If an rqlite process crashes, it is safe to simply to restart it. The node will pick up any changes that happened on the cluster while it was down.

## Recovering a cluster that has permanently lost quorum
_This section borrows heavily from the Consul documentation._

In the event that multiple rqlite nodes are lost, causing a loss of quorum and a complete outage, partial recovery is possible using data on the remaining nodes in the cluster. There may be data loss in this situation because multiple servers were lost, so information about what's committed could be incomplete. The recovery process implicitly commits all outstanding Raft log entries, so it's also possible to commit data -- and therefore change the SQLite database -- that was uncommitted before the failure.

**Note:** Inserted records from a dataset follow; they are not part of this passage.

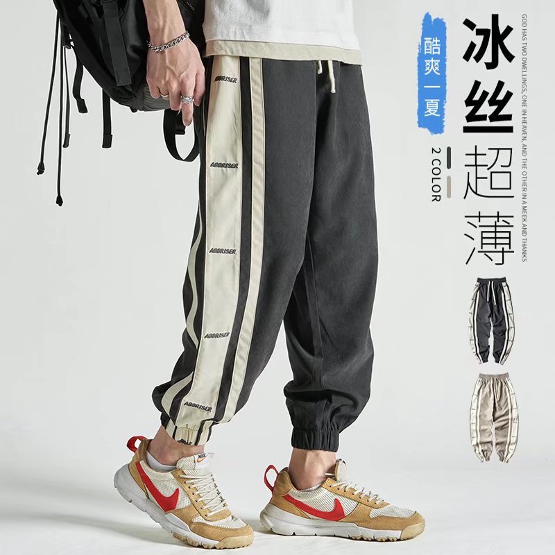 工装裤男夏季薄款束脚运动休闲长裤子男士潮牌宽松百搭冰丝九分裤
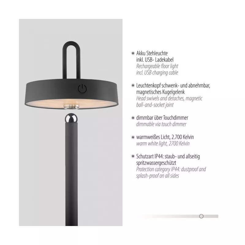 19311-18 AMAG LAMPA PODŁOGOWA/ZEWNĘTRZNA BEZPRZEWODOWA CZARNY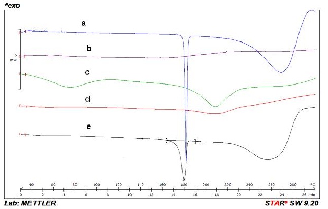 Fig. 2: DSC spectrum of tramadol (a), EE (b), EL (c), PPM (d) and physical mixture of tramadol and PPM (e)
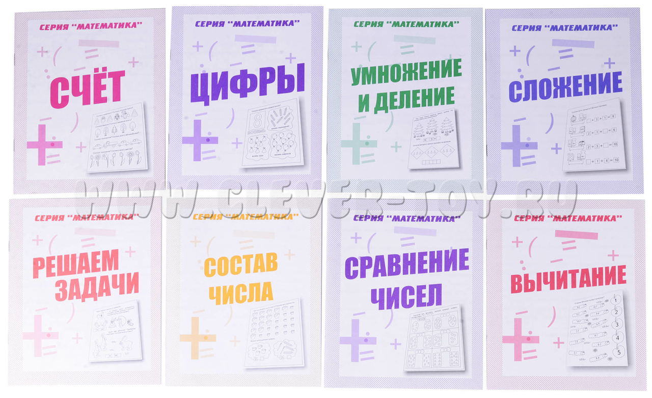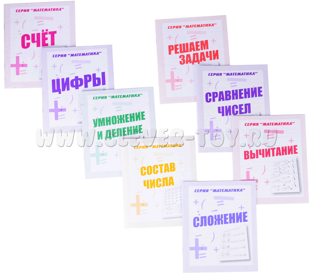 В состав комплекта входит 8 тетрадей, каждая из которых посвящена определенному математическому умению дошкольника. В тетрадях по 32 страницы.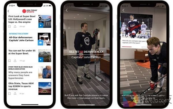 《今日美国》为其应用《USA TODAY》添加了一系列AR功能,允许用户直接在应用程序内体验一系列交互式AR体验,从而为用户带来更丰富的新闻内容。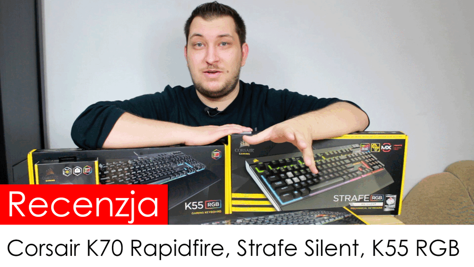- Corsair K70 Rapidfire, czyli najszybsza klawiatura mechaniczna na rynku [Uwaga, szybko zbiera kurz i odciski palców - nie czyściłem, by pokazać, że to prawda :D] - Corsair Strafe Silent RGB, czyli nowa klawiatura o cichych przełącznikach mechanicznych - K55 RGB, czyli membranowa ekspansja korsarza - Harpoon RGB, czyli niedrogą myszkę z rewelacyjnym sensorem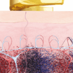 Al depositarse en esa capa, la tinta queda fijada de forma permanente, ya que el organismo no puede eliminarla fácilmente por sí solo.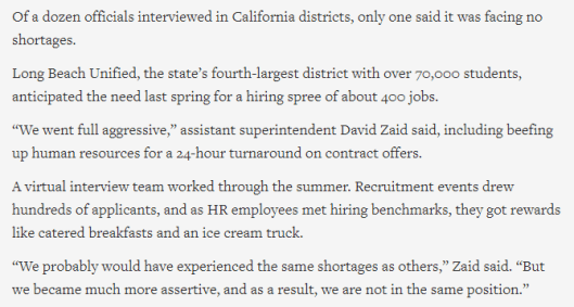 In fact another large California school district actually planned for the staffing shortage during the pandemic and now is serving all students with fully credentialed teachers.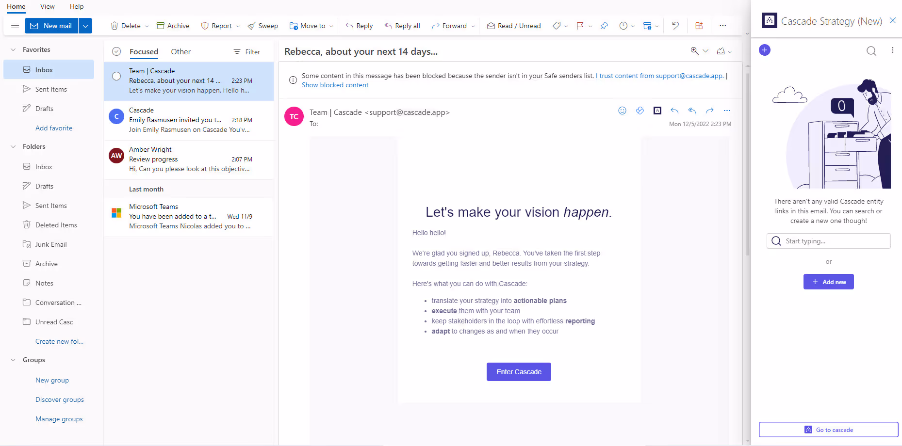Using the Cascade add-in, you can create, explore, and update objectives directly within Outlook. When you receive a mail in your Outlook with a Cascade link, you can click on the Cascade add-in from that mail, and manage it.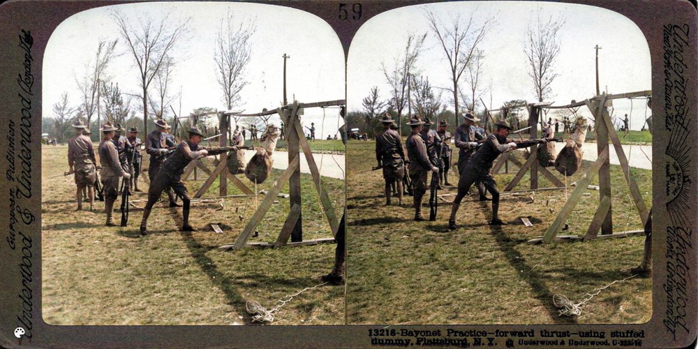 Bayonet practice--forward thrust--using stuffed dummy, Plattsburg, N.Y.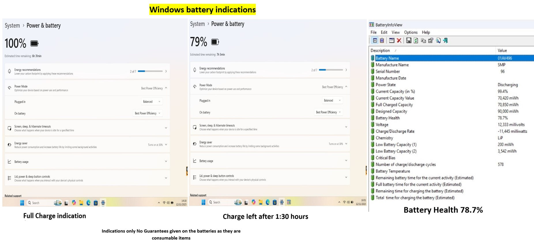 This model has one external 90Wh battery, Windows has indicated 6:31 after a full charge the laptop has then been left to run on the battery without been allowed to sleep or hibernate or turn the screen off for 1:30 hours after which Windows indicated 7:05 remaining @ 79% capacity. The Battery Info View tool is also used to obtain the readings of the battery health which is 78.7% as shown in the last picture in the product photos. This will vary depending on usage and settings and is an indication only I offer no guarantees on the battery as it is a used consumable item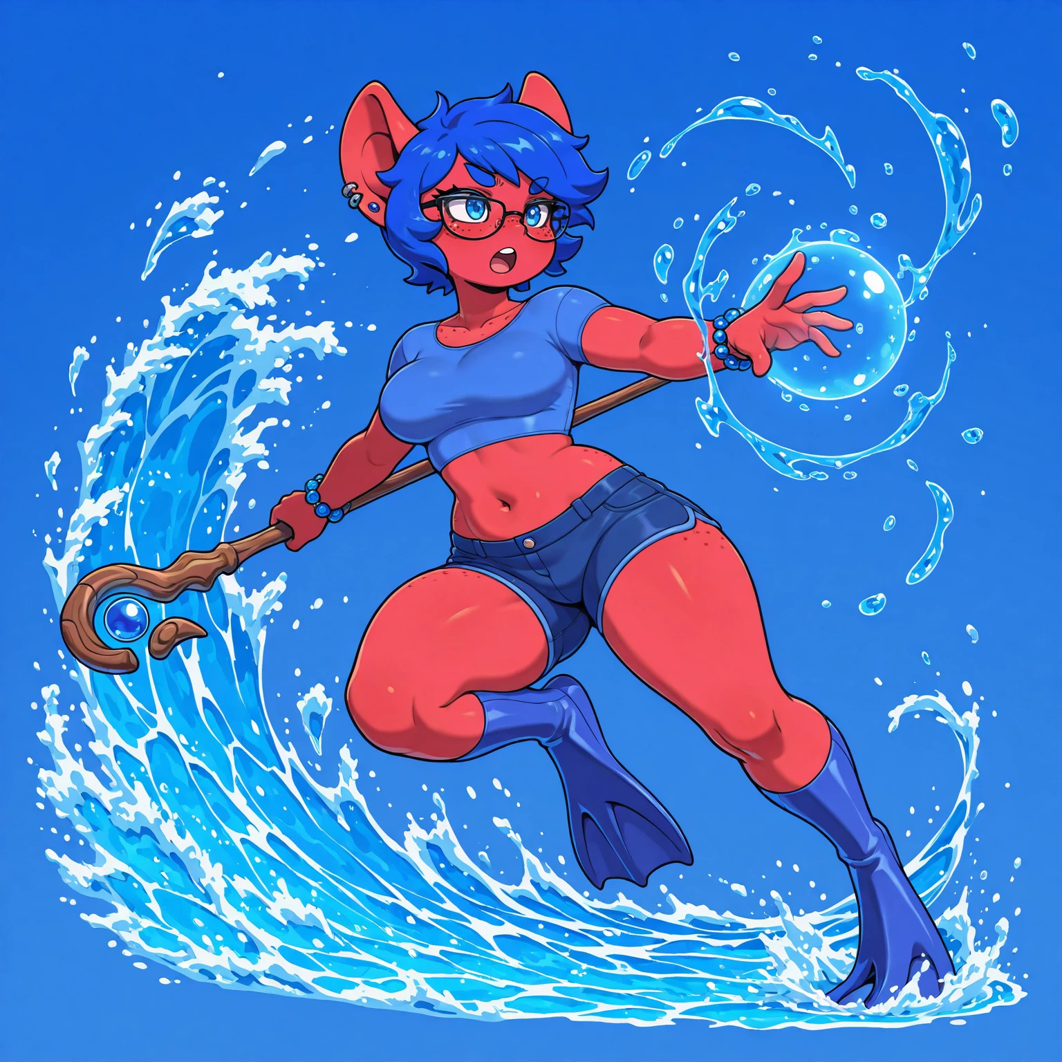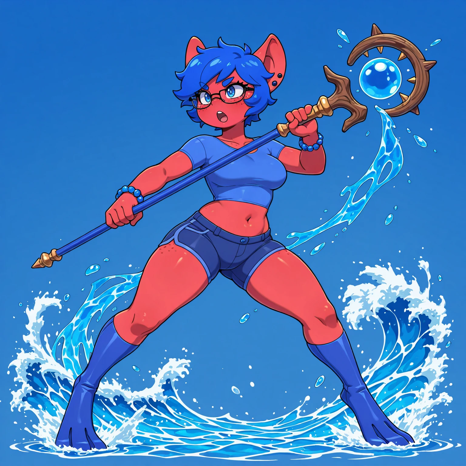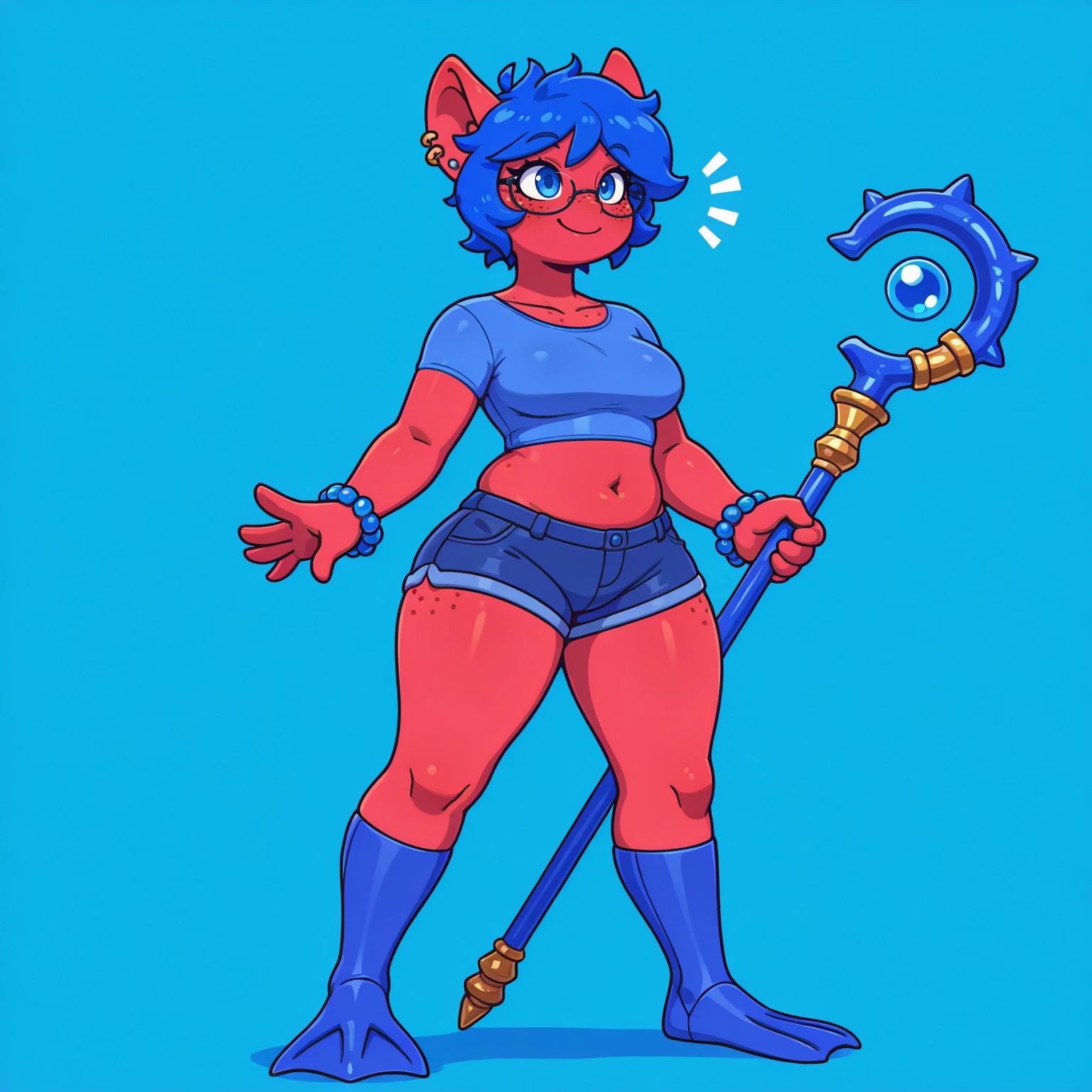 ClaireAxugaem, amphibion girl, blue short hair, red skin, blue eyes, glasses, pointed ears, freckles on cheeks, ear piercing, bead bracelet,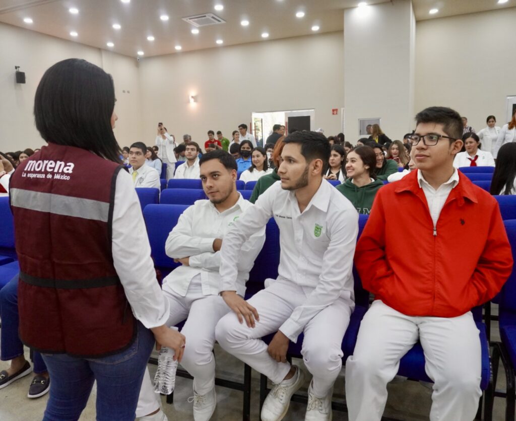 “Quiero decirles que se siente la energía de la juventud, soy maestra y extraño las aulas y más en este momento de estar al frente de las y los estudiantes de esta Universidad de Los Mochis quedo a la orden.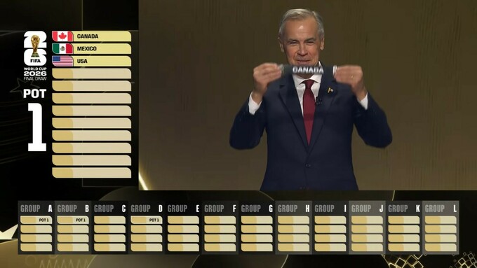 19:50. На сцену для жеребкування вийшли: Прем'єр-міністр Канади Марк Карні, Президент Мексики Клаудія Шейнбаум, Президент США Дональд Трамп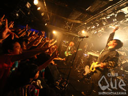 ドレスコードか!?ってくらいバンドTシャツに首タオルのオーディエンスが犇めき合うフロア。POLYSICSがオススメする次世代バンドとのガチンコ対バンイヴェント“A Touch and Go!!!”。先攻は高知の4人組バンド・宇宙人が登場。2010年のFUJI ROCK FESTIVALのROOKIE A GOGOに出演を果たした強者でもある彼ら。リズム・アンド・ブルースmeets昭和歌謡と言うべきか。淡々としているのだが、胸をざわつかせる様な不思議な空気感。千鳥足のようなリズム、舌足らずのあどけないヴォーカル、何度もリフレインするメッセージ……キュートだけど不気味。隙だらけのようで隙が無い。本物の宇宙人に会ったような感覚に陥ってしまった。SEが鳴った途端、場内は一気にヒートアップ。後攻、黒いつなぎを身にまとったPOLYSICSが登場!ハヤシの甲高い“TOISU!!”の掛け声で幕を開け、観客は前へ前へと押し寄せる。「むすんでひらいて」ではバッチリのコール&レスポンス。オーディエンスはまさにお祭り騒ぎで、メンバーの登場をお行儀良く待っていたのが嘘のよう(笑)。ハヤシとフミは激しいヘドバンをしながらギターとベースを炸裂させたり、「Mach肝心」では歌詞の中に“CLUB Que”“A Touch and Go”などを盛り込んだりと、フロアを刺激しまくる。長年のキャリアが培った安定感のあるサウンドは抜群の飛び道具だ。ハヤシは自分の頬を全力でビンタしたり、お客さんのタオルで汗を拭いたりと、ハチャメチャに見えるパフォーマンスでありながら、音に対する集中力と音の1つ1つが放つ気魄は尋常じゃない。ここまで自分たちの実現させたい世界を炸裂させ、観客に歩み寄るライヴが作れるのは本当に凄いことだ。最初から最後までクライマックス。終演後もしばらくフロアは熱気に包まれた。"CLUB Que ANNIVERSARY "SEVENTEEN GRAFFITI !!" -POLYSICS presents 「A Touch and Go!!!」- POLYSICS GUEST>宇宙人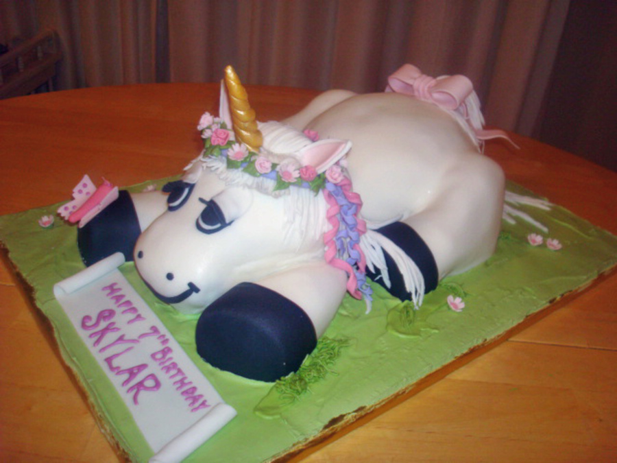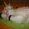 Scultped and then covered in buttercream and then fondant. Flowers, ribbons and butterfly are gumpaste.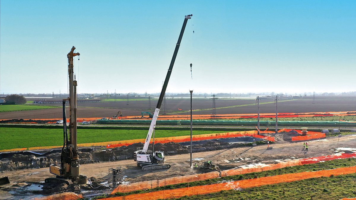 Das italienische Bauunternehmen Fondamenta weist mehr als 30 Jahre Erfahrung im Tiefbau auf und ist hierbei vor allem auf Spezialtiefbau- und Fundamentarbeiten spezialisiert. Im Rahmen des Hochgeschwindigkeits-Bahnprojektes Verona-Padua ist das Unternehmen unter anderem für den Bau der Fibbio-Brücke beauftragt, die mit ihren 2,3 km Länge eine der wichtigsten Viadukte des Abschnitts sein wird. Die drei dabei eingesetzten Krane von Sennebogen wurden vom italienischen Vertriebs- und Servicepartner ESPI Engineering geliefert.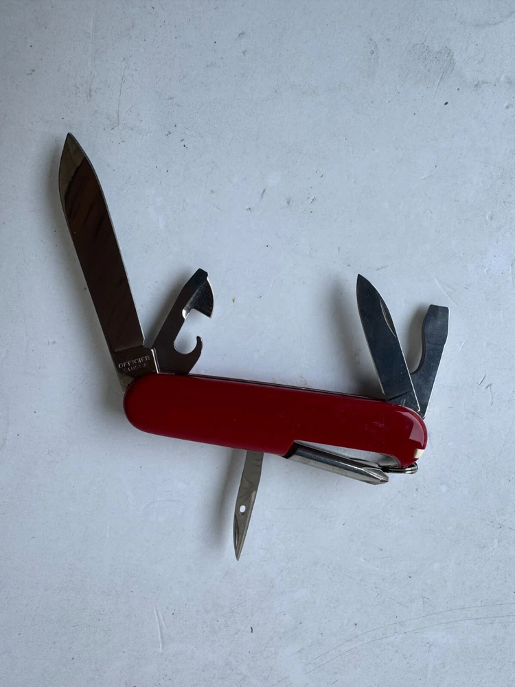 Victorinox Officier Suisse Pocket Knife Silver Red Stainless Steel Lightweight Description Victorinox Officier Suisse Pocket Knife Silver Red Stainless Steel Lightweight. Product Detail • Brand : Victorinox • Model : Victorinox Officier Suisse • Blade Color : Silver • Type : Pocket Knife Please message me if you have any questions.
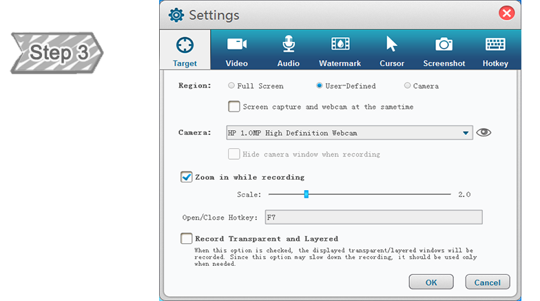 Create photo snapshots in JPG, PNG or BMP format at any time when screen recording process.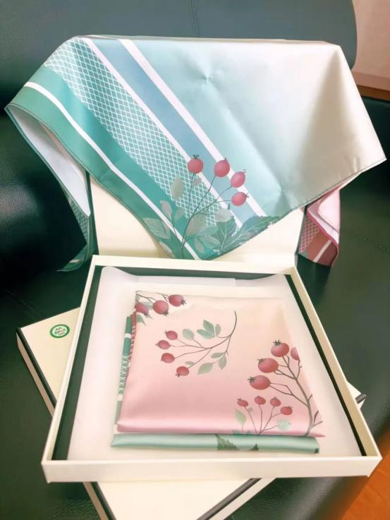 萃取蟒岭绿道四季风情,织就颈间诗意华章。以山楂生长轨迹为设计灵感,采用高阶真丝提花工艺,将“春芽绽绿—夏果凝碧—秋实透红”的时序之美具象呈现,边缘镂空绣制的山楂花精巧点缀,触感柔滑亲肤,光泽温润如玉。缠绕颈间,既藏自然清新之气,又暗合山楂从酸涩到甘甜的人生况味,是节日馈赠女性的绝佳之选,让佩戴者将商州山野的温柔气韵与四季风味,悄然定格于衣间。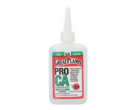 The Great Planes Pro CA Glue Thin 2 oz is a reliable adhesive for all my crafting needs. It works well on both porous and non-porous materials, and the thin formula ensures smooth application. I appreciate how quickly it sets, which saves me a lot of time during projects. The bottle design is also user-friendly, preventing any spills or waste. A solid choice for anyone in need of a high-quality CA glue.

**You may also need to follow the recovery process if a cluster simply restarts, but all nodes (or a quorum of nodes) come up with different network identitiers. This can happen in certain deployment configurations.**

To begin, stop all remaining nodes. You can attempt a graceful node-removal, but it will not work in most cases. Do not worry if the remove operation results in an error. The cluster is in an unhealthy state, so this is expected.

The next step is to go to the _data_ directory of each rqlite node. Inside that directory, there will be a `raft/` sub-directory. You need to create a `peers.json` file within that directory, which will contain the desired configuration of your recovered rqlite cluster (which may be smaller than the original cluster, perhaps even just a single recovered node). This file should be formatted as a JSON array containing the node ID, `address:port`, and suffrage information of each rqlite node in the cluster.

Below is an example, of bringing a 3-node cluster back online.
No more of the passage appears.